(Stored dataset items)
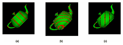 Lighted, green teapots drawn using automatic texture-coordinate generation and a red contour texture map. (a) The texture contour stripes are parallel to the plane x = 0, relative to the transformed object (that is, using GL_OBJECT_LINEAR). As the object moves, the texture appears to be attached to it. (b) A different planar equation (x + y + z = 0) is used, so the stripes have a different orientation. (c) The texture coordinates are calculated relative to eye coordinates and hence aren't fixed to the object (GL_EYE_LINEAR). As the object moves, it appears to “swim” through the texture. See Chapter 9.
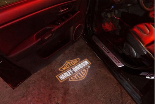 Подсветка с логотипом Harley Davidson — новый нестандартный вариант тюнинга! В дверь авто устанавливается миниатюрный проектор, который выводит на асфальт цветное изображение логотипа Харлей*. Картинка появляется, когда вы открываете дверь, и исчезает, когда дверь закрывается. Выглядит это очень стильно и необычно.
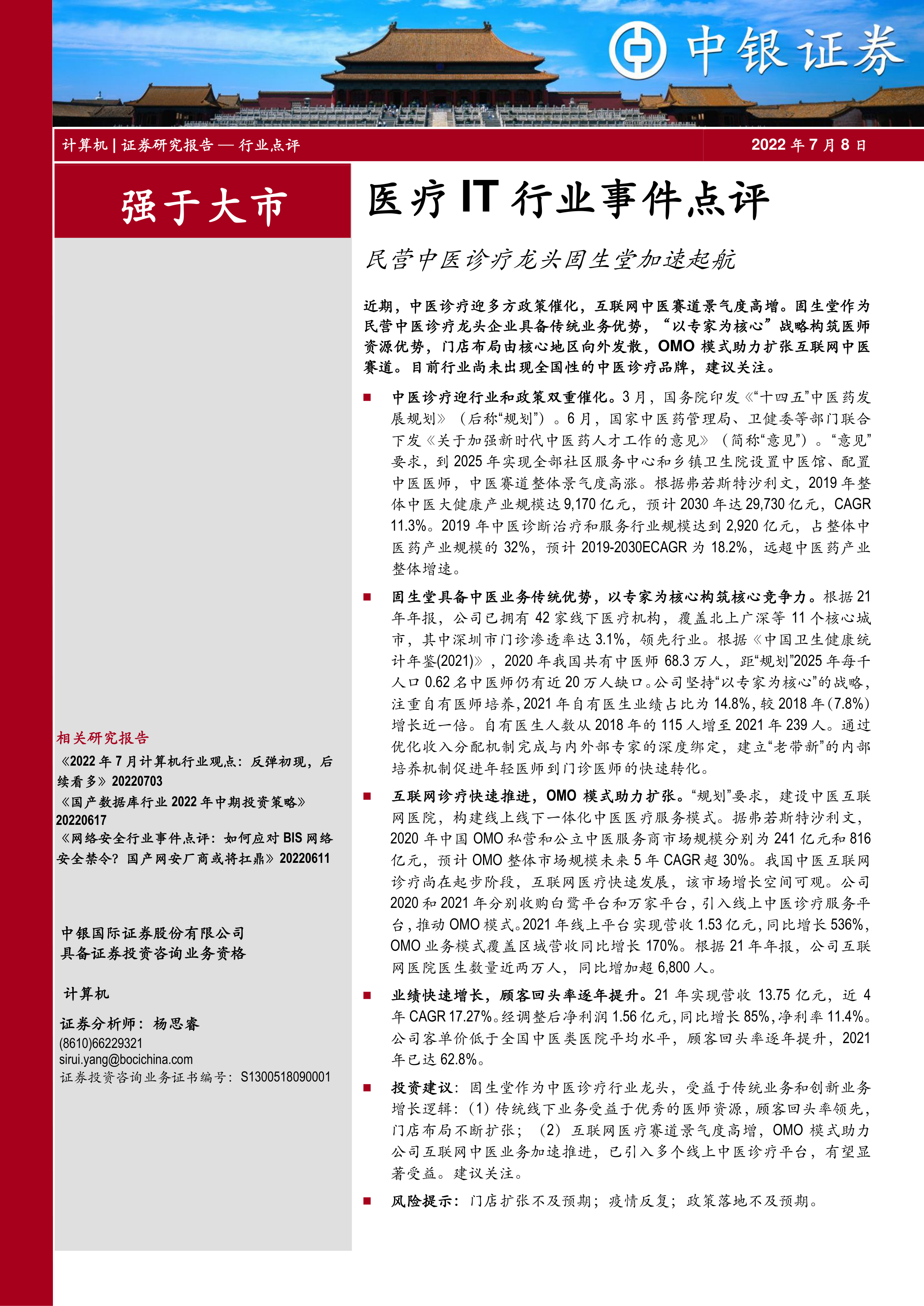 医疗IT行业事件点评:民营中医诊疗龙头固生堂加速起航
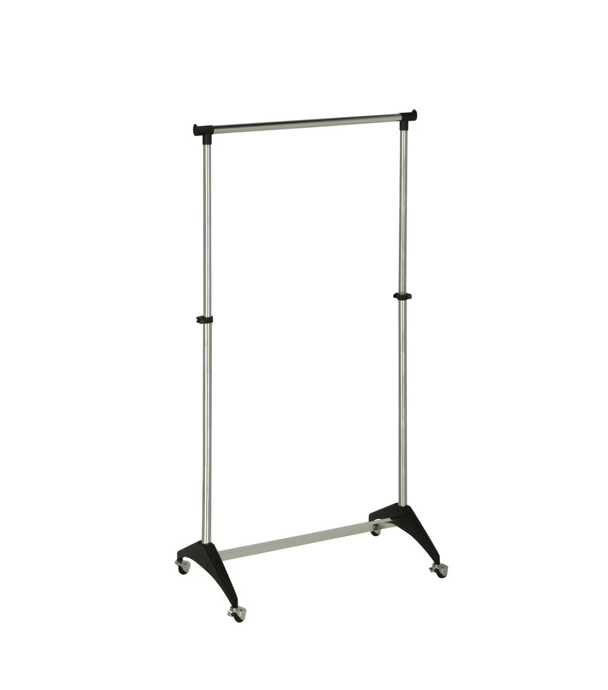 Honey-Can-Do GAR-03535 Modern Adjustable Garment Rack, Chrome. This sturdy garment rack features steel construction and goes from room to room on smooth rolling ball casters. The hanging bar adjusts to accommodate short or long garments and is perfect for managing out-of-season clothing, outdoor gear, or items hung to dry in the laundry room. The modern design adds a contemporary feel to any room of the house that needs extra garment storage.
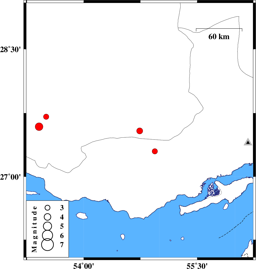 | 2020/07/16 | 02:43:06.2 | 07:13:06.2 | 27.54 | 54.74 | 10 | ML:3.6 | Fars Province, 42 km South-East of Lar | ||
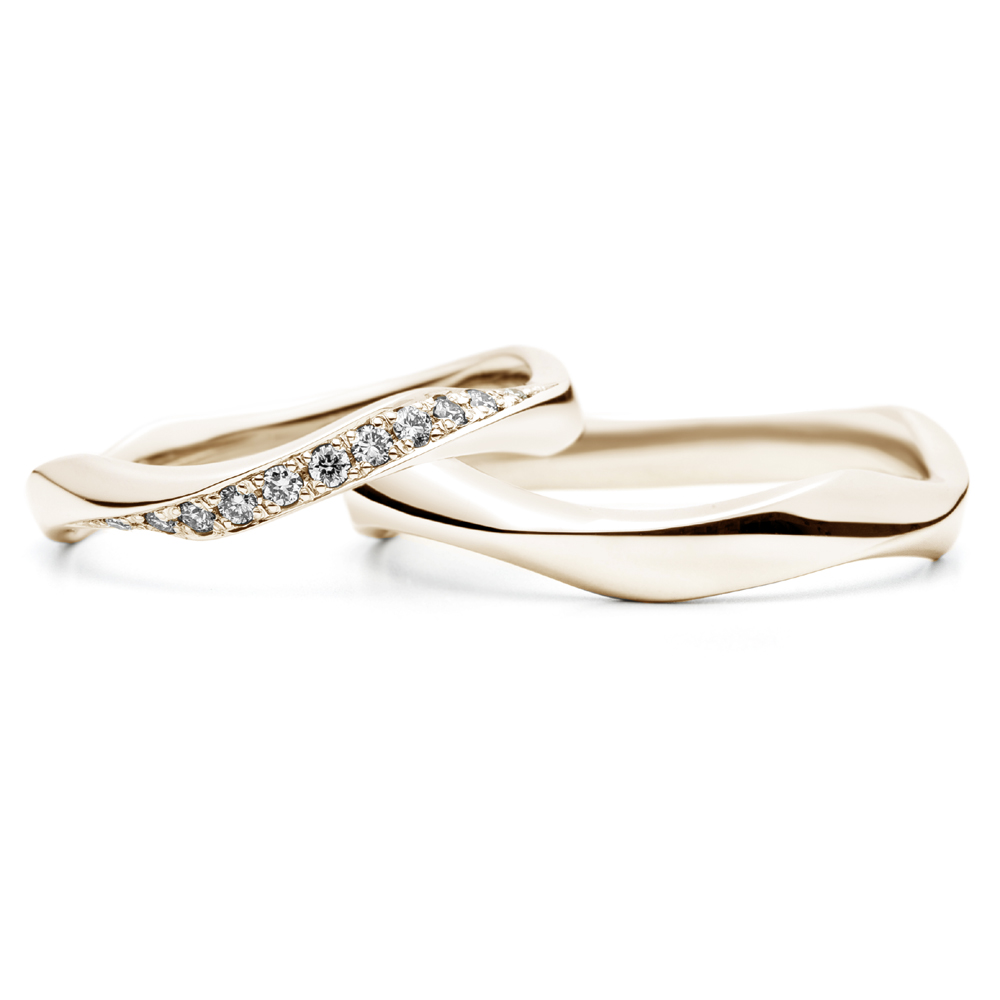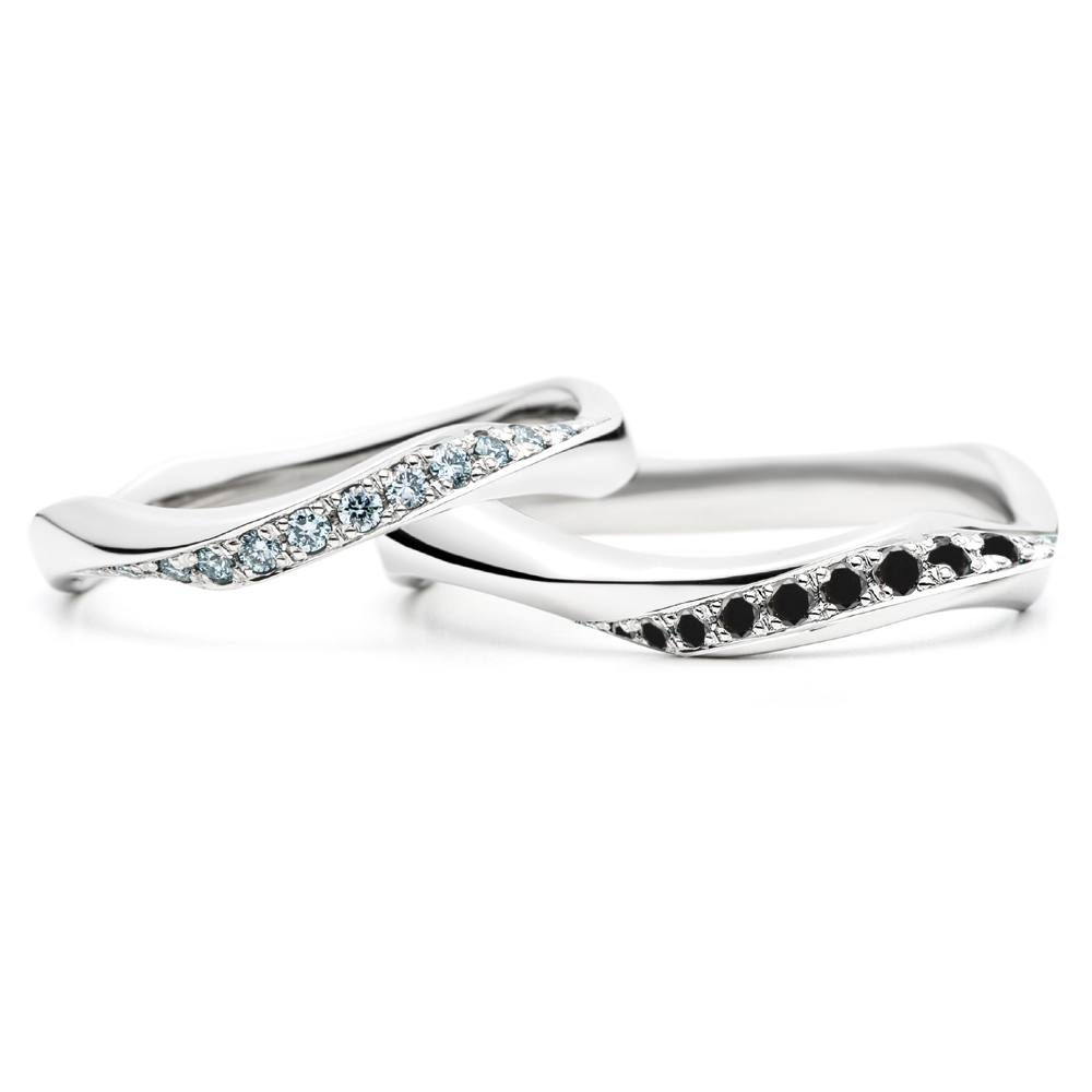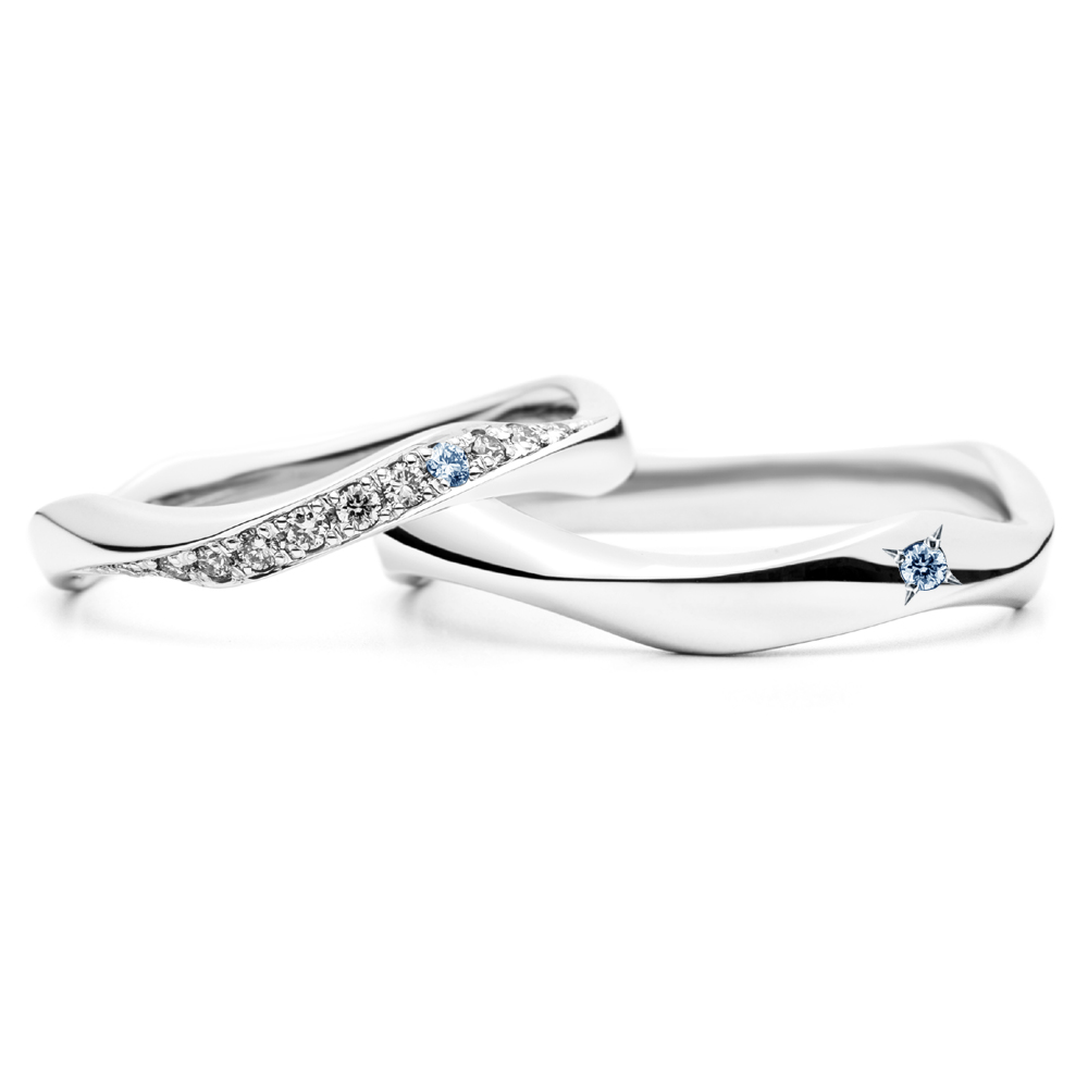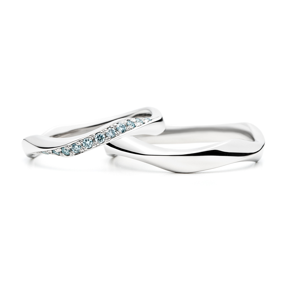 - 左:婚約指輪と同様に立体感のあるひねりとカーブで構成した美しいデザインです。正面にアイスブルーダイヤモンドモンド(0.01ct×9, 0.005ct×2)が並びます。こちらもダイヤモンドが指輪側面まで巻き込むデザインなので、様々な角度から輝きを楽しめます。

#### Work item
Your task is an exact transcription of all the data, minus the pictures.

#### Result below
 Lighted, green teapots drawn using automatic texture-coordinate generation and a red contour texture map. (a) The texture contour stripes are parallel to the plane x = 0, relative to the transformed object (that is, using GL_OBJECT_LINEAR). As the object moves, the texture appears to be attached to it. (b) A different planar equation (x + y + z = 0) is used, so the stripes have a different orientation. (c) The texture coordinates are calculated relative to eye coordinates and hence aren't fixed to the object (GL_EYE_LINEAR). As the object moves, it appears to “swim” through the texture. See Chapter 9.
 Подсветка с логотипом Harley Davidson — новый нестандартный вариант тюнинга! В дверь авто устанавливается миниатюрный проектор, который выводит на асфальт цветное изображение логотипа Харлей*. Картинка появляется, когда вы открываете дверь, и исчезает, когда дверь закрывается. Выглядит это очень стильно и необычно.
 医疗IT行业事件点评:民营中医诊疗龙头固生堂加速起航
 Honey-Can-Do GAR-03535 Modern Adjustable Garment Rack, Chrome. This sturdy garment rack features steel construction and goes from room to room on smooth rolling ball casters. The hanging bar adjusts to accommodate short or long garments and is perfect for managing out-of-season clothing, outdoor gear, or items hung to dry in the laundry room. The modern design adds a contemporary feel to any room of the house that needs extra garment storage.
 | 2020/07/16 | 02:43:06.2 | 07:13:06.2 | 27.54 | 54.74 | 10 | ML:3.6 | Fars Province, 42 km South-East of Lar | ||
 - 左:婚約指輪と同様に立体感のあるひねりとカーブで構成した美しいデザインです。正面にアイスブルーダイヤモンドモンド(0.01ct×9, 0.005ct×2)が並びます。こちらもダイヤモンドが指輪側面まで巻き込むデザインなので、様々な角度から輝きを楽しめます。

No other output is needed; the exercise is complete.